There are now several class action lawsuits filed by former NFL Players against the National Football League and the Riddell Company which makes the helmets for the players.
The essence of these lawsuits is that the League did not fulfill its obligation to the players by protecting them with reasonable policies to avoid the serious injury of a concussion to the head.
There are those who would argue that the League did not have an obligation to do more for the protection of the players since they knew or should have known of the danger of playing a violent sport such as football.
That, of course, begs the question. The League had an affirmative obligation to respond to the harm done to players by concussion once they became aware of that harm.

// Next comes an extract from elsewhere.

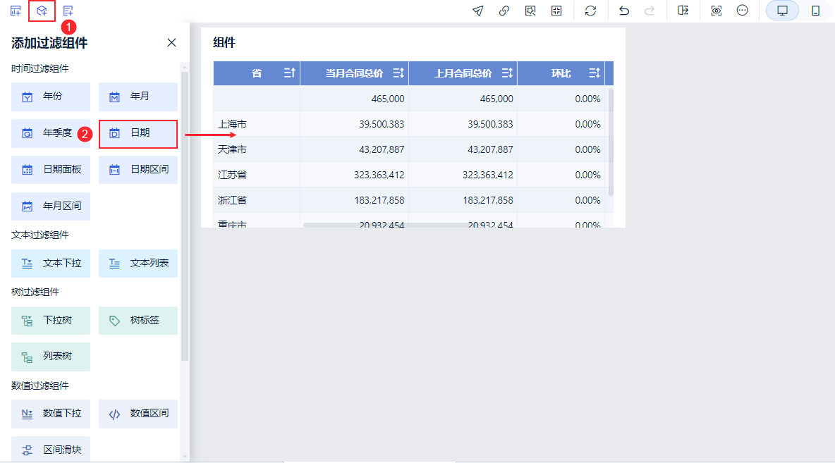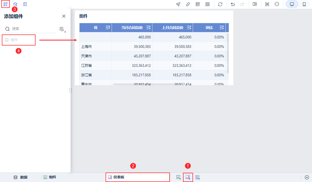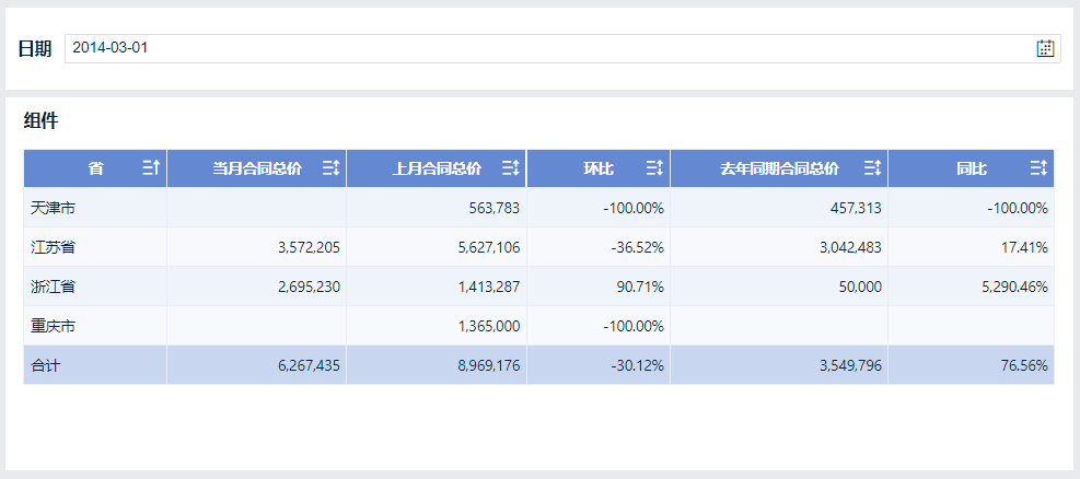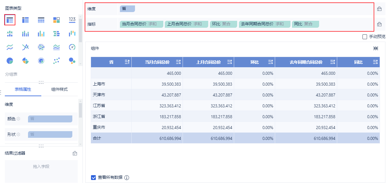 注:此处由于没有选择日期,因此同一省份当月、上月、去年同期的合同总价都相等,所以同比环比均为0,当日期过滤组件选择日期后即显示对应时间的同环比。

The key legal question will be:
What did the National Football league know and when did it know it?
There is little doubt that League officials were aware early on of the potential harm from concussion to the players.
What did they do as a result? Frankly, not much.
That is, not until Commissioner Roger Goodell began issuing severe fines and penalties for play that was over the line.
And that action is fairly recent in the context of decades of harm to players.
This situation is similar to the issues involved in the lawsuits against the tobacco companies for knowingly manufacturing and distributing cigarettes with the knowledge of the harm they could do.
In those cases, juries would not find the tobacco companies liable without proof of knowledge on the part of the tobacco companies was demonstrated. The later cases found in pre-trial discovery, memos that had been written in the 1950’s, demonstrating that the tobacco industry knew of the addictive nature of nicotine and continued using it intentionally in cigarettes anyway, precisely because it would keep the smoker “hooked” on cigarettes. They considered alternatives to nicotine but rejected them as a result of this addictive quality of nicotine. These memos also demonstrated that the tobacco companies knew of the harm of cigarettes, and in spite of this, continued the decades- long marketing campaign to get as many people smoking cigarettes as they could.
In the NFL cases, the knowledge on the part of the League about the harm to players from concussions, if proven by a preponderance of the evidence, will lead to massive monetary settlements for the nearly 2000 players involved in these class actions. A key element of that proof will be how far back that knowledge on the part of the League goes.
Could the most powerful sports league in our history be brought to its collective financial knees?
That answer will be a curiosity for us all.